How widespread is WestlawNext?

A student asked me this question.  Since I live and work in the beautiful bubble known as Stanford University,and have no idea how things work in the Real World, I turned to outside help to answer the student’s question.

I first asked our Westlaw representative, who provided this interesting and useful piece of information:

Based on a recent article about Thomson Reuters revenue, “The WestlawNext legal database has been sold to more than 18,500 customers since its launch in February 2010, representing 34 percent of Westlaw’s revenue base.”


But I knew that our students would want to know more specific information, so I sent out a quick request on the Northern California Association of Law Libraries (NOCALL) listserv.  I received 21 replies — 6 from Biglaw law firms, 8 from small/midsize firms, 2 from county law libraries, 4 from the courts (U.S. District, United States Court of Appeals and California Appellate), and 1 from a state agency.  Of the 6 Biglaw law firms, 4 have WestlawNext (although one, at present, is only making it available to firm librarians — see comments below) and 2 do not.

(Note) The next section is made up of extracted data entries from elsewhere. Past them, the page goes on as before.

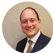
Olaf Account Manager

Een vakbekwame gastheer en sommelier. Met passie voor gastronomie.
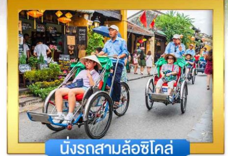
นั่งรถสามล้อชิคส์
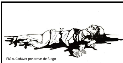
FIG A. Cadáver por armas de fuego
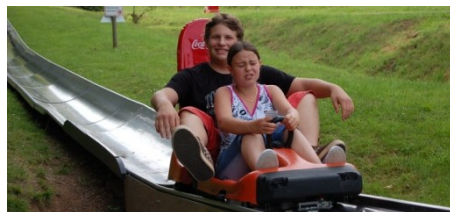
Sommerrodelbahn Braunshausen 2008 ©

Fehlt nur noch die Rückfahrt nach Merzig.
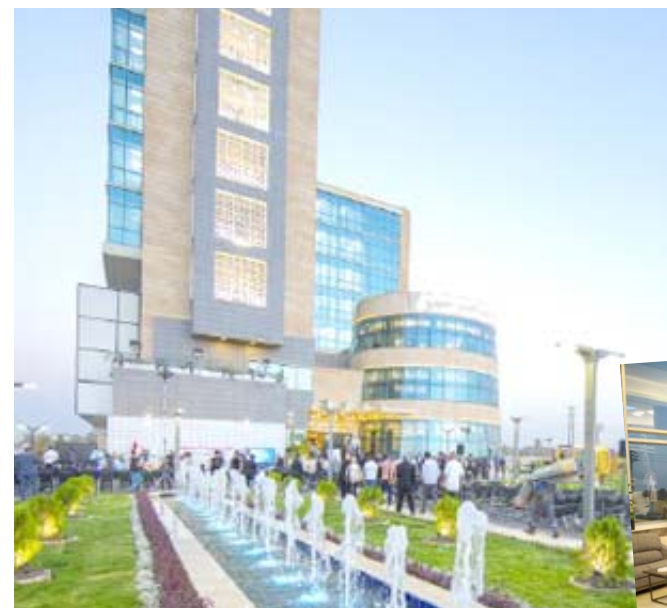
مركز: افتتاح اكبر مركز للتوحّد في كربلاء
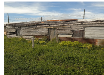
Vivienda en mal estado en La Coloma

Mientras el pueblo vive en pésimas viviendas, muchos de ellos en condiciones de calle, el Estado continúa construyendo hoteles para el disfrute de turistas y de ellos mismos en compañía de sus familiares.
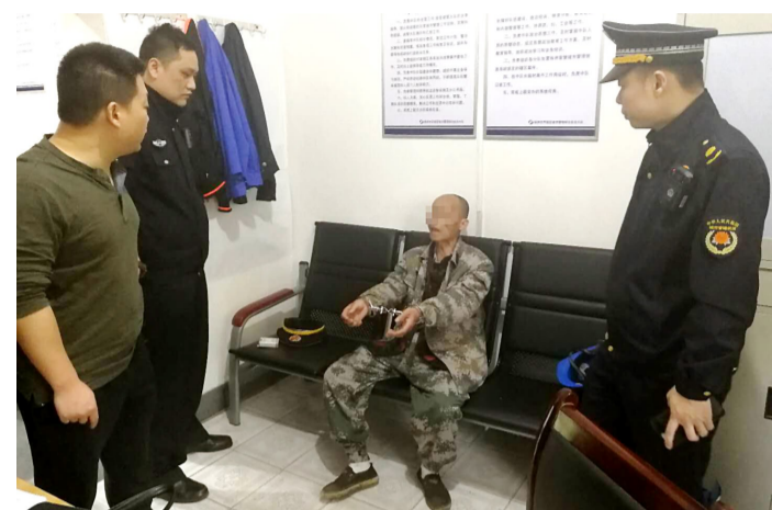
▲芦淞区法院办案人员对刘某某采取强制传唤

本报讯(记者 伍婧雯 通讯员 城关 罗丽芳)违规在湘江风光带上养马、做生意,收到城管部门开出的行政处罚单,刘某某为那仅仅是“一纸文书”,拒不理睬。直到昨日,芦淞区法院要对其采取强制执行措施,他才终于承认错误。据悉,这也是《株洲市城市综合管理条例》(以下简称《条例》)出台以来,我市首起城管部门申请法院强制执行案件。
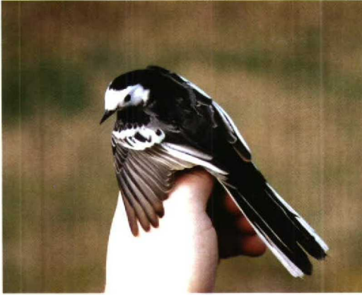
134 Rouwkwikstaart / Pied Wagtail Motacilla alba yarrellii , Bloemendaal, Noordholland, maart 1992

werden de ringers gemotiveerd om zich nog verder te specialiseren in het vangen van kwikstaarten (Cottaar 1990). Dit gaf de volgende jaren interessante en nieuwe inzichten in het voorkomen en de doortrek van de Rouwkwikstaart (Cottaar & Geelhoed 1992).
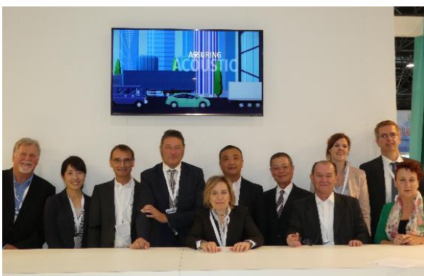
Das EVERLAM-Team auf der Glasstec.
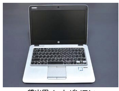
貸出用ノートパソコン

館1階カウンター前に展示しています。ぜひご覧ください。 ゆきき図書館利用案内その63 ノートパソコンの貸出について ゆきき図書館では、インターネットの閲覧用としてノートパソコンの貸出を行っています。使用時間の制限はありませんので、館内の資料と組み合わせインターネットを利用した調べ物などにご利用ください。 ※館外への持ち出しはできません。 ※ノートパソコンの貸出には、図書館利用カードが必要です。 ※ファイルリングソフトにより、一部見られないページもあります。
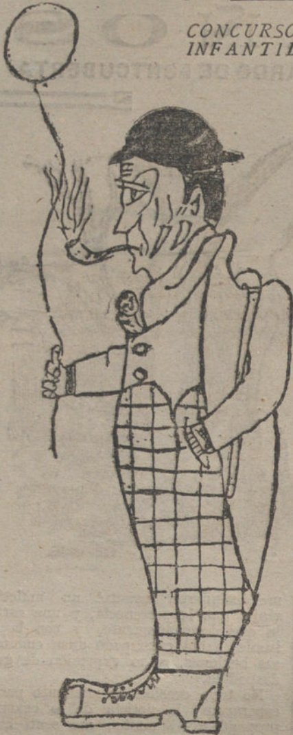
EL CHARLOT DE MI PUEBLO, por Rafael Martín. (Nueve años.)

versación en la cual poder deslizar estas palabras, oyendo disimular:

Of the 8 small/midsize firms, 5 have WestlawNext and 3 do not.

None of the public sector law libraries have WestlawNext.  The state agency reports that it might be added this summer.  I did find it a little ironic that the court libraries do not have WestlawNext — didn’t West get started by wooing the judiciary and treating judges extra special nice?

The comments I received were also very useful and I read many of them to my students, since they contain some great research tips and insights.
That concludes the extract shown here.